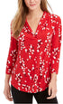 Charter Club Women's Floral Print V Neck Top Red Size Petite Small
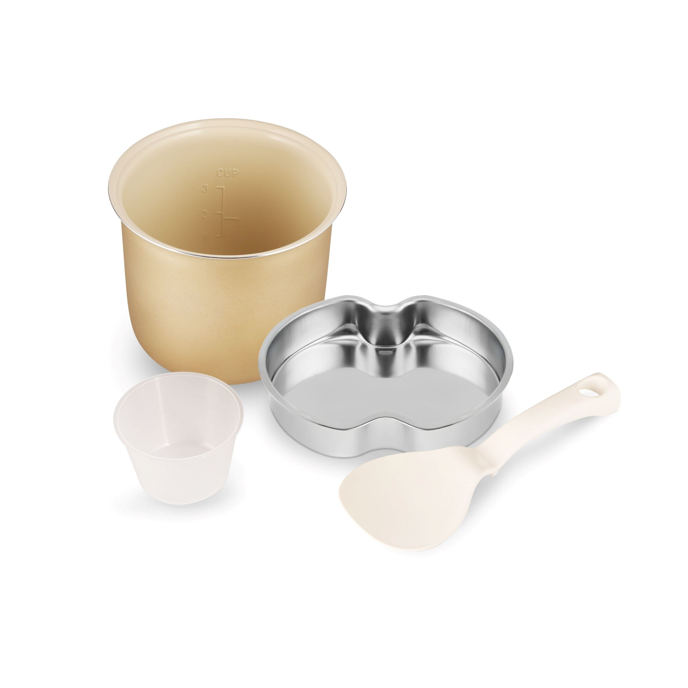 Ovládání multifunkčního rýžovaru zvládne úplně každý pomocí přehledného dotykového displeje, kde stiskem tlačítka aktivujete zvolenou funkci nebo si manuálně nastavíte hodnoty dle potřeby. V 1,5 l hrnci s nepřilnavým povrchem pohodlně připravíte jídlo pro celou rodinu či sešlost přátel. Stačí jej pak vyjmout a vložit do myčky, žádné složité drhnutí. Součástí balení je rovněž praktická odměrka a lžíce na rýži.
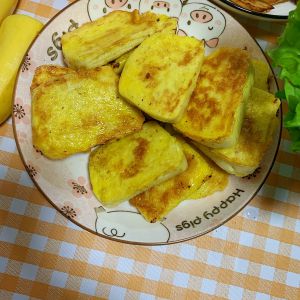 馒头切片,鸡蛋搅拌成蛋液加适量盐(三分之一勺,不要做的太咸,吃太咸,老得快)

━━━━━━━━━━━━━━━━

- _Exercise objective_: Give back the listing exactly, with the pictures removed.

- _Task result_:
 Charter Club Women's Floral Print V Neck Top Red Size Petite Small
 Ovládání multifunkčního rýžovaru zvládne úplně každý pomocí přehledného dotykového displeje, kde stiskem tlačítka aktivujete zvolenou funkci nebo si manuálně nastavíte hodnoty dle potřeby. V 1,5 l hrnci s nepřilnavým povrchem pohodlně připravíte jídlo pro celou rodinu či sešlost přátel. Stačí jej pak vyjmout a vložit do myčky, žádné složité drhnutí. Součástí balení je rovněž praktická odměrka a lžíce na rýži.
 馒头切片,鸡蛋搅拌成蛋液加适量盐(三分之一勺,不要做的太咸,吃太咸,老得快)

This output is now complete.